David Blumenthal, M.D.: Two reasons. First, for providers who don’t provide administrative data electronically, there are substantial administrative costs that insurers bear. And those costs are spread across the entire insurance system. If you ask insurance companies where they spend a lot of their administrative costs, it will be on a very small fraction of providers who don’t have sophisticated billing systems. The new health reform law invests a considerable amount of time and energy on something called administrative simplification, which involves simplifying the billing and eligibility processes. That depends on a minimum level of electronic sophistication on the part of providers, and meaningful use is the only leverage we have over the providers, so there is a compelling fiscal rationale for this. I also think there is another reason for doing this. In a private and secure environment, being able to provide electronic information on cost and on quality of care is absolutely essential to improving and modernizing our health care system. So the folks whose doctors don’t have their administrative data in electronic form will never know how efficient their doctors and hospitals are. And that’s a big hole in accountability.
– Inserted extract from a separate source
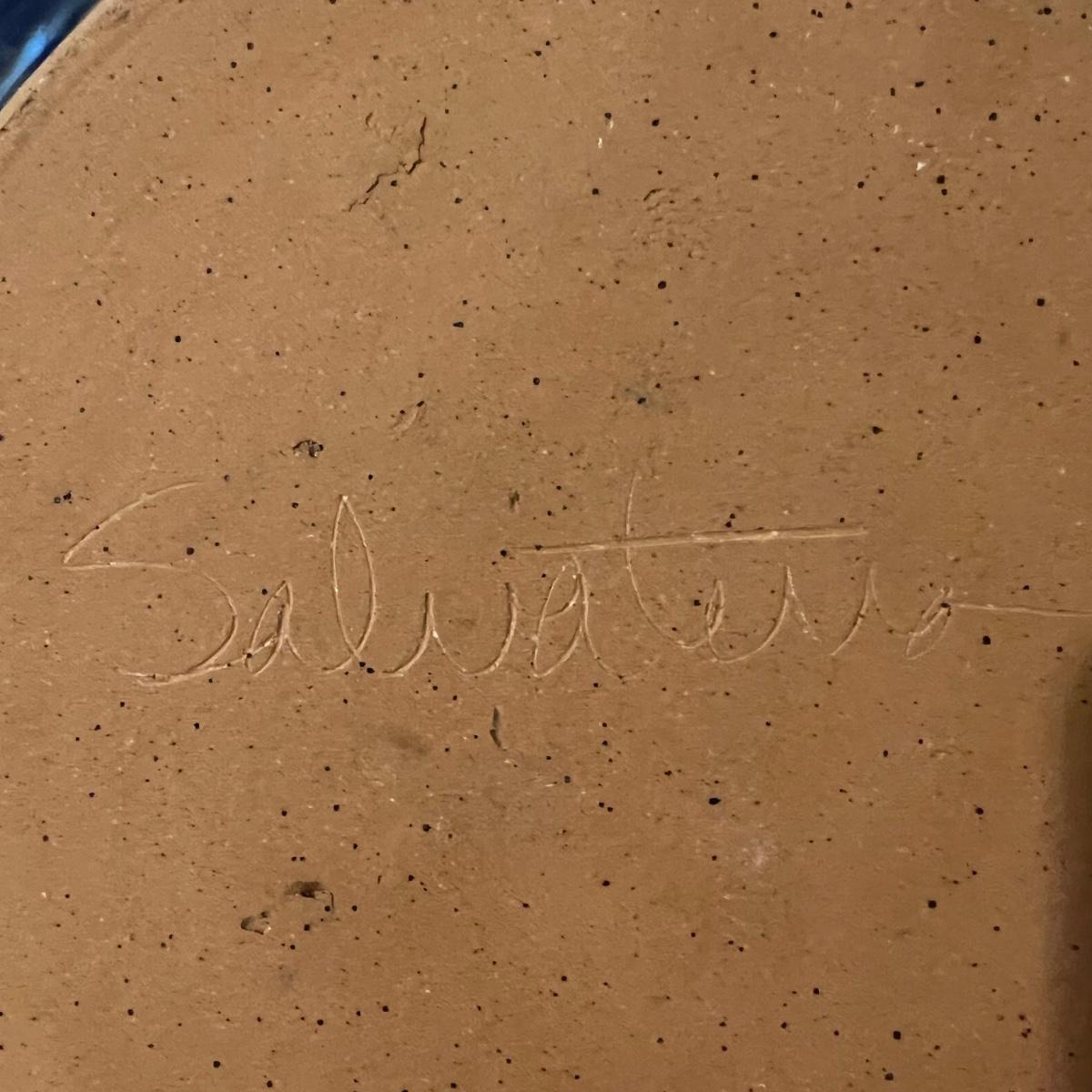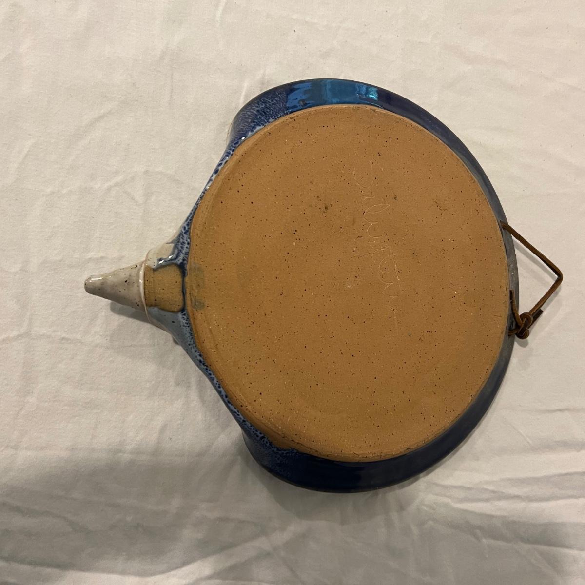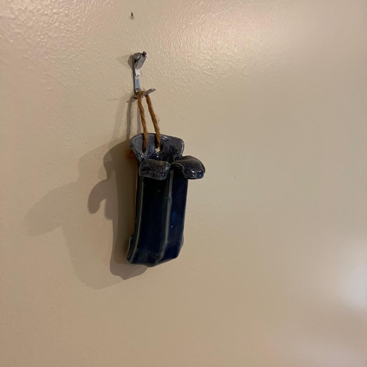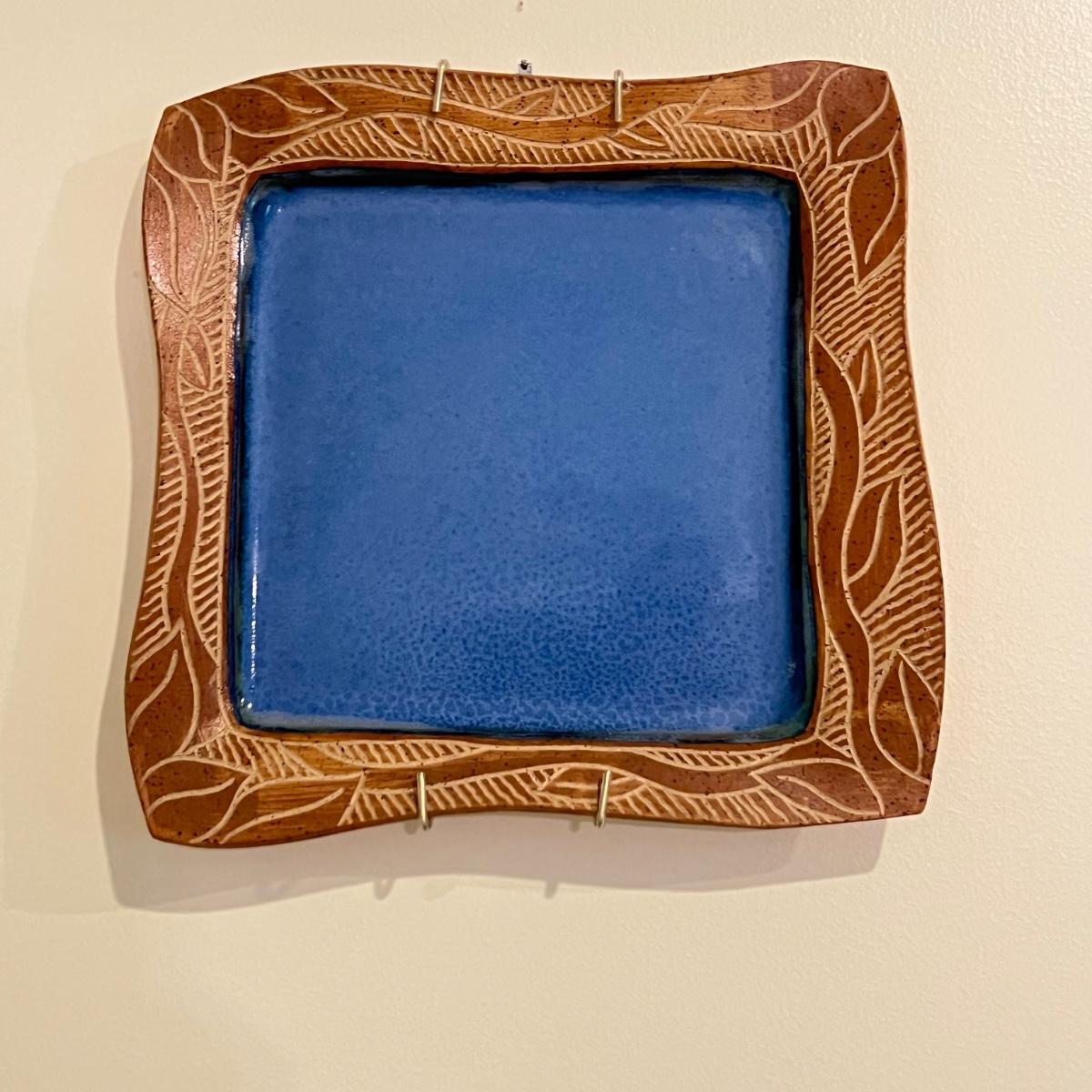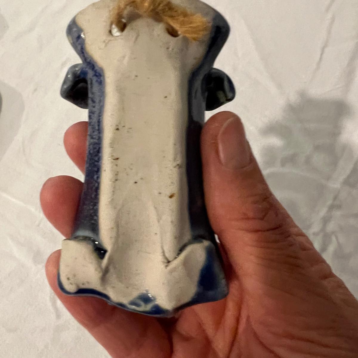 Of these two hand built plates, the blue and grey one features a leather hanging strap and has a built in small vase at its base perfect for a sprig of small flowers. The other plate comes with a gold colored removable hanging hook. Both the plates are signed, see images, the small hanging bud vase does not have a signature.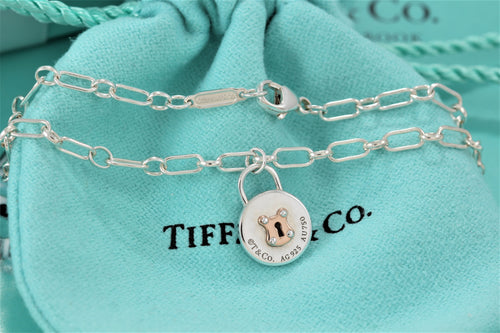 Tiffany & Co. 18K Gold & Silver Small Keyhole Circle Padlock Charm Bracelet

HCI: Some groups, such as the HIMSS EHR Association, have said the interim final rule (IFR) did not go far enough in establishing specific technical specifications — for instance, a consistent set of transport services for document exchange or specific security and privacy standards. Was there a balance that had to be struck between flexibility and specificity? Was there concern that some implementation specifications were not mature enough?

Blumenthal: We are trying to balance flexibility and specificity. In the area of security and privacy, we were advised that this is a very dynamic sector, and that the cyber-security initiative of the president was developing new security solutions at a rapid rate and that if we put in rules or specifications that were likely to be outdated very quickly, we could be doing a disservice to vendors and to the field. In the area of communications or interoperability, there are two solutions, CCR [Continuity of Care Record] and CCD [Continuity of Care Document], both of which have very strong advocates, and we thought the market needed to sort that out further before we wrote one or the other standard into a rule. We also were told that some of the implementation specifications that people would have liked us to include in the rule were not mature, and had not been fully tested, and that they were not standard in the sense of being widely used, and that there could be considerable unintended costs to requiring their use. We needed more time to test them and assess them.